Because of that language, he said, the code is not clear. It has ended up costing the people of Lewes $37,000 in legal and consulting fees so far, Mateyko said, as well as thousands of hours of time.
“That’s a waste that should have gone to some worthwhile effort,” he said. “The code is not doing what it is supposed to do because it gives a fuzzy message. Government has the responsibility to make its code clear, fair, predictable and cost-effective. This experience shows the Sussex code, as it stands, gives the wrong signals to even the most egregiously inappropriate proposal.”
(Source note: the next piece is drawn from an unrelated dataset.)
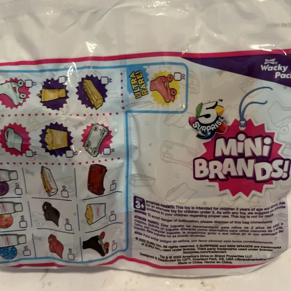 Sonic Mini Brands # 9 Wacky Pack New Zuru Drive In 5 Surprise Sealed Bag

He said if the code, designed to protect an environmentally sensitive area, has holes in it that allows a regional shopping center to slip in then it’s not a code at all.
In the end, he said, sound-planning principles carried the day. “The message got through to them that this was an extremely serious threat to the survival of the community. But if it was so clear to everyone how was it that the code let it through?” he asked.
Mateyko said now is the time to correct the language in the code as the county updates its comprehensive plan.
The tipping point
Tyler said he hoped the rationale and facts behind the decision would “resonate throughout the county.”
“Councilman George Cole once asked when enough is enough. I think we have reached the tipping point. There is change on the horizon,” he said.
He hoped the decision would be an awakening for future land-use and zoning decisions. “We have cautious optimism that the county is moving in the direction that the Citizens Coalition has been promoting for 14 years,” he said.
Tyler said it would be difficult to reverse the recommendation of planning and zoning because it was based on facts and the county land-use plan.
Tyler credited the people of Lewes for standing up. “There was solidarity among people who spoke and a packed house always gets everyone’s attention,” he said. “The community rose up as they did 14 years ago when they stopped Tanger from building outlets at the gateway to Lewes.”
As many others argued, Tyler said, the environmentally sensitive developing district, where the three proposed projects are located, is unique. “Hopefully, this rings a bell for the district. Because we are really not doing anything different to protect the districts,” he said.
Mateyko urged people to continue to contact members of the county council. “This is not a race we have won we are only at the midpoint,” he said. “County council has reversed the commission before and they could do it again.’